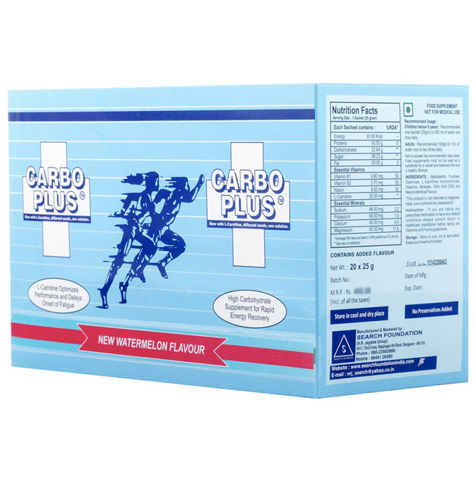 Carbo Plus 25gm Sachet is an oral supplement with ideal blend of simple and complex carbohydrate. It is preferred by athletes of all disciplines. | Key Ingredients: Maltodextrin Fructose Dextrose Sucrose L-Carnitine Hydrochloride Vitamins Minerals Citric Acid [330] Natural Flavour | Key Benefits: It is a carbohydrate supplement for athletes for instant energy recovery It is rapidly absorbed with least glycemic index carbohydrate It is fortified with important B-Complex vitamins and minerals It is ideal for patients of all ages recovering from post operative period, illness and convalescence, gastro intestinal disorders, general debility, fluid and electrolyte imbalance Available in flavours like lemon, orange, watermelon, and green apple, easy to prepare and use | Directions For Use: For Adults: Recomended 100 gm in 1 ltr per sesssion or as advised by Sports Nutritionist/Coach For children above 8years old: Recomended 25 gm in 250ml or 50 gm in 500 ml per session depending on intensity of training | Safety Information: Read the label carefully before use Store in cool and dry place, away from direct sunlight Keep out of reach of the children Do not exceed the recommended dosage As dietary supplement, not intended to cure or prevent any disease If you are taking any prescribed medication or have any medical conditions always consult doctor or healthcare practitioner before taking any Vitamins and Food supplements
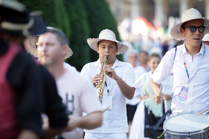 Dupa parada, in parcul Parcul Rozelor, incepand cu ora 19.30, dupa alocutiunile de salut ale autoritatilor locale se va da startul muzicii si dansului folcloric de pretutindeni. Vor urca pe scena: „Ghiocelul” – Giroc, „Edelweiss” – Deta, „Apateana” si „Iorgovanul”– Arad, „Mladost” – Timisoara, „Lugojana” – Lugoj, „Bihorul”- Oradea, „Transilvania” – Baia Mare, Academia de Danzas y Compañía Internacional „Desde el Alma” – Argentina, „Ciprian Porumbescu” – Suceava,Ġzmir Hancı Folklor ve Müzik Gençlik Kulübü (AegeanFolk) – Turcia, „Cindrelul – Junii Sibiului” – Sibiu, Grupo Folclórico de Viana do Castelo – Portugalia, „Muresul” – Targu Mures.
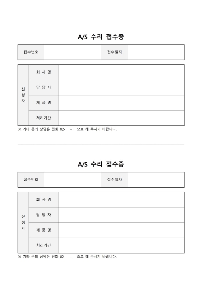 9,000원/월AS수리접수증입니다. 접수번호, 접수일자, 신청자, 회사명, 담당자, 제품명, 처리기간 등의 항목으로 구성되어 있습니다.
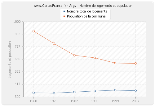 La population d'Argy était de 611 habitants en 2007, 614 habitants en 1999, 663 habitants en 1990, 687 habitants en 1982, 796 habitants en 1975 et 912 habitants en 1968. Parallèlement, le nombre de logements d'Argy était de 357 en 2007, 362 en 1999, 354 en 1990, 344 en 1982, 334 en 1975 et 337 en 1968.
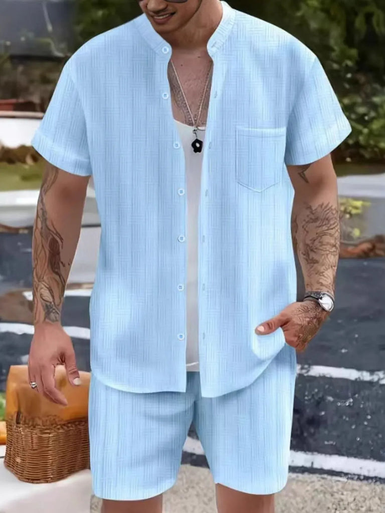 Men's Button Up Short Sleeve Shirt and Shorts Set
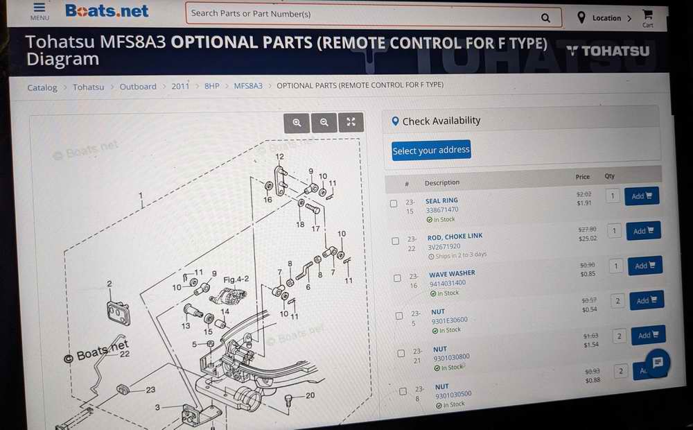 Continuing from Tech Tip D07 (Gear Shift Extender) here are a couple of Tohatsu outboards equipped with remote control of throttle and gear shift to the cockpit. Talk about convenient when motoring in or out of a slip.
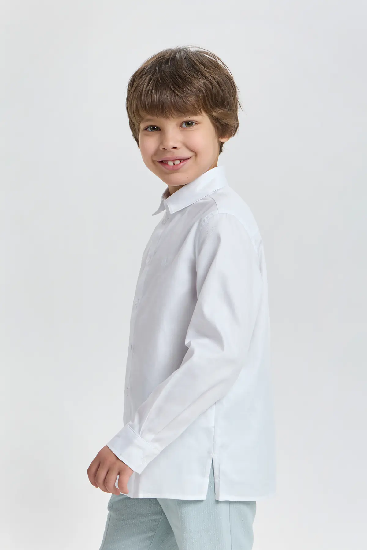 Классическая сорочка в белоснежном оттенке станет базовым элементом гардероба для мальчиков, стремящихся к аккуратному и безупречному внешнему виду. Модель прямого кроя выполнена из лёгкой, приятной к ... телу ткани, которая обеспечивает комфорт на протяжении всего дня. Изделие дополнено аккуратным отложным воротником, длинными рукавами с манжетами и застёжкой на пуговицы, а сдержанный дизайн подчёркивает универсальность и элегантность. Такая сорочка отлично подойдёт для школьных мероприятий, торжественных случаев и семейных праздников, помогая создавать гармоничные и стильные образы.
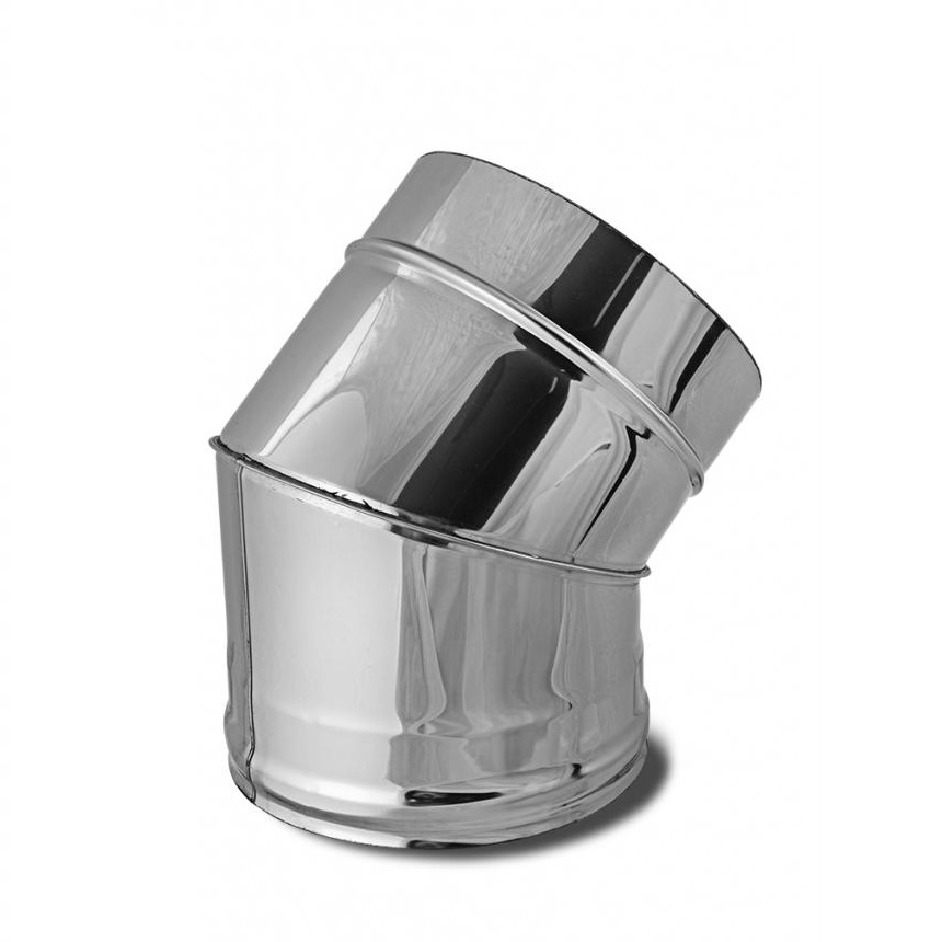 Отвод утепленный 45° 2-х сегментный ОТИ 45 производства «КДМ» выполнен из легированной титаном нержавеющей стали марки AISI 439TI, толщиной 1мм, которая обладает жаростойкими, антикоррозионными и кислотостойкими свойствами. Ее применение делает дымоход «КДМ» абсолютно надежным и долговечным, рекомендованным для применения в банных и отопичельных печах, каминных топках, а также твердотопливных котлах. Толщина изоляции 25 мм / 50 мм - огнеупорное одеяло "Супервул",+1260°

**Assigned task:** From the records above, quote word for word only the lines beginning at the line that has "Men's Button Up" and stopping after the line that has "Классическая сорочка в". Omit the pictures.

**Your response:**
 Men's Button Up Short Sleeve Shirt and Shorts Set
 Continuing from Tech Tip D07 (Gear Shift Extender) here are a couple of Tohatsu outboards equipped with remote control of throttle and gear shift to the cockpit. Talk about convenient when motoring in or out of a slip.
 Классическая сорочка в белоснежном оттенке станет базовым элементом гардероба для мальчиков, стремящихся к аккуратному и безупречному внешнему виду. Модель прямого кроя выполнена из лёгкой, приятной к ... телу ткани, которая обеспечивает комфорт на протяжении всего дня. Изделие дополнено аккуратным отложным воротником, длинными рукавами с манжетами и застёжкой на пуговицы, а сдержанный дизайн подчёркивает универсальность и элегантность. Такая сорочка отлично подойдёт для школьных мероприятий, торжественных случаев и семейных праздников, помогая создавать гармоничные и стильные образы.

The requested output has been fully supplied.